I’ve been struggling to write this post for a while. I have been tangled up in these powerful emotions and I’m by no means free, but there’s subjects I want to talk about other than the one that preoccupies most of my nights and days lately.
The thought that has been rattling around in my head is that I have the strange sense that I’ve detected that life has the qualities of a loop. Or not a perfect reiteration of events, but maybe more like a spiral, with both the qualities of a loop and an arrow. Like a screw. Yeah, life will screw you, won’t it? Like James Brown said, “Money won’t change you, but time will take you on.” Uh, huh.
This notion has grabbed a hold of me, and won’t let me go. Its related to this other idea that the concept of free will versus determinism is a false dichotomy, and that reality exhibits characteristics of both.
But today I want to focus on this concept of cycles. They say that history repeats itself, and that there’s nothing new under the sun. For me, that seems to be true at a more personal level. Like I said, you are who you are, and it is what it is. And maybe people change, but only slowly, and not really that much.
So our experience of life is filtered by our perceptions and responses, and so on. But what I’m talking about is coming at a different level. Like seeing something out of the corner of your eye that doesn’t look right somehow. Like when you’re not looking, the tables and chairs get up and dance around. And you turn your head quick, and boom. They’re back where they were, I think. Or like these ideas I’ve had, I’ve written about elsewhere, that seem so real, I called them “future memories.” How when Anita was sick the first time, I used to tell her how we would grow old together and we’d go certain places, and do certain things, sometimes rather ordinary things, but I could describe those scenes so vividly, it was like I was actually seeing them, or recalling them, in a way like maybe recalling a dream you had. And over our nearly thirty years together, by God, one by one, those things actually came to pass, pretty much as I had “seen” them or dreamt them. And not one went undone, that I can recall, although some did surprise me.

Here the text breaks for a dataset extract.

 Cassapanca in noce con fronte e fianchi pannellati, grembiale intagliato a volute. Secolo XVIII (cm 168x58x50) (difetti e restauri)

And now I’m sitting in my back yard by the pool, at a table in the shade, drinking a beer, idly plucking my guitar. And I’m reminded of my little apartment on Emily Road, during another really hot summer back there in 1980. We were all young and from somewhere else, and working in the big boom town, and my neighbors and I formed a little group, guys and girls, all single and mostly in our twenties, and we’d hang out down by the pool in the shade after work, drink beer and swap stories, and sometimes play guitars and sing. And to me, that whole scene could have been yesterday, or this morning. Memory is funny that way, the associations literally are adjacent in my memory banks, and not at all separated by nearly half a lifetime.
There’s other examples, with friends and acquaintances how when you get to this phase of life, everything reminds you of something else, and everyone reminds you of someone you used to know, and damned if your relationship with this new person doesn’t follow the same arc as with that other person you knew thirty, forty, fifty years previously. And how could it not, for all the differences, and changes time brings on, you are the still the same person you were then, and this new person is just another incarnation, avatar, manifestation of the same archetype as that other one you’re reminded of.

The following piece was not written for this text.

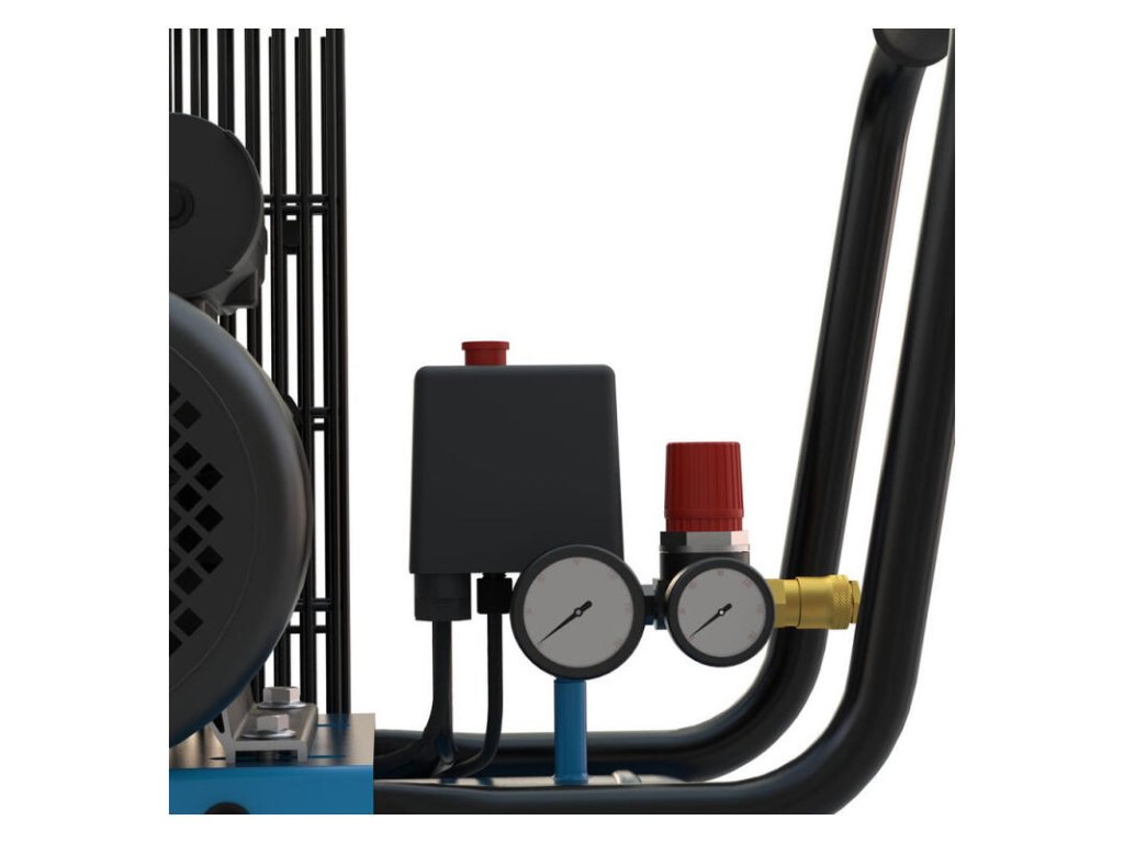 - Tlakový spínač umožňuje jednoduchú kontrolu pracovného tlaku, ktorý je monitorovaný dvoma manometrami (manometrom na meranie tlaku v nádobe a manometrom na meranie pracovného tlaku).

And then my thoughts, and my own words form a loop, and like Pam said one time, some people have like this little tape that plays over and over again, and all you have to do is punch their button, pull their string, and blattibloop, out it comes.
So not only does everything remind you of something else, everyone reminds you of someone else, and you wind up saying the same things over and over, and every morning you forget that you’ve been having the same dreams over and over again your whole life long, and it’s just like that tape that’s playing in your head, like a big blue loop, that doesn’t ever change. and it looks like we’re moving, but we’re really standing still.